Department or Program

Computer Science

Additional Department or Program (if any)


Primary Wellesley Thesis Advisor

Ellen Hildreth

Additional Advisor(s)

Jeremy Wilmer

Additional Advisor

Eniana Mustafaraj


In order to navigate through the environment, recognize objects, and interact physically with object surfaces, we need to recover the 3-D layout of a visual scene from the 2-D images that are projected onto the eyes.

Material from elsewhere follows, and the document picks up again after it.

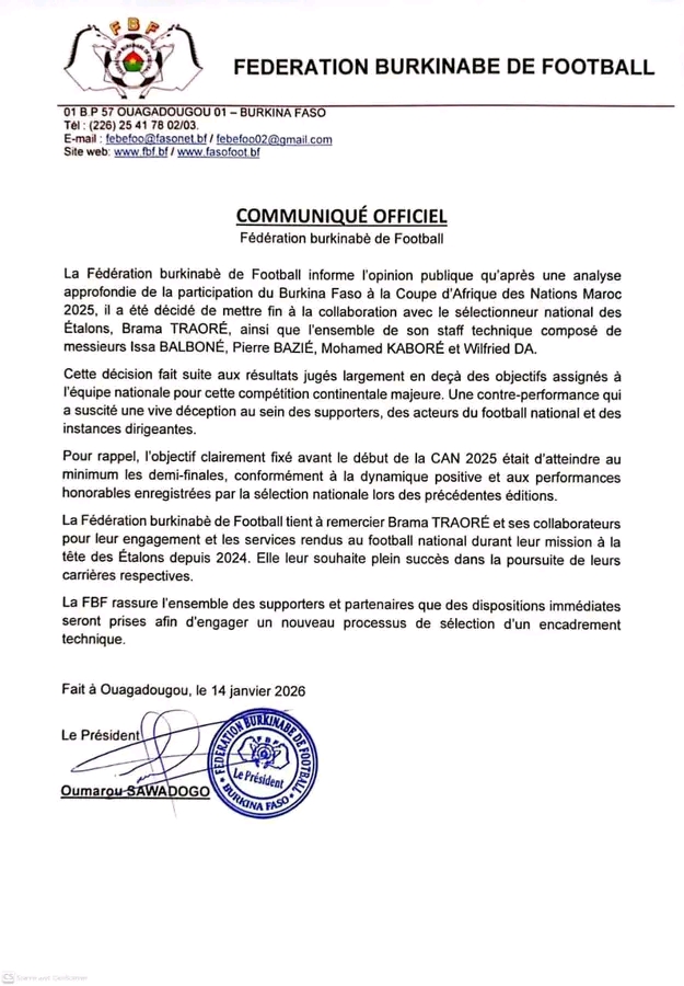 COMMUNIQUÉ DE LA FÉDÉRATION BURKINABÈ DE FOOTBALL (FBF) Partis à cette Coupe d’Afrique des...

A primary cue used by the human visual system to perceive the depths of surfaces in the scene is stereo disparity (Marr & Poggio, 1979; Howard & Rogers, 2002; Brown, Burschka, & Hager, 2003; Harris & Wilcox, 2009). Stereo disparity arises from the difference in perspective provided by the two eyes. As a result of this difference, objects can appear at slightly different positions in the left and right images. The human visual system is able to detect this disparity in position and use it to infer depth (Figure 1). For tasks such as the recognition and manipulation of objects in the scene, it is important to segment the image into regions that belong to distinct objects. A strong cue to the presence of an object boundary is a large change in depth between two adjacent image regions. Stereo processing enables the detection of these boundaries and computation of the relative depth between surfaces meeting at boundaries in the image.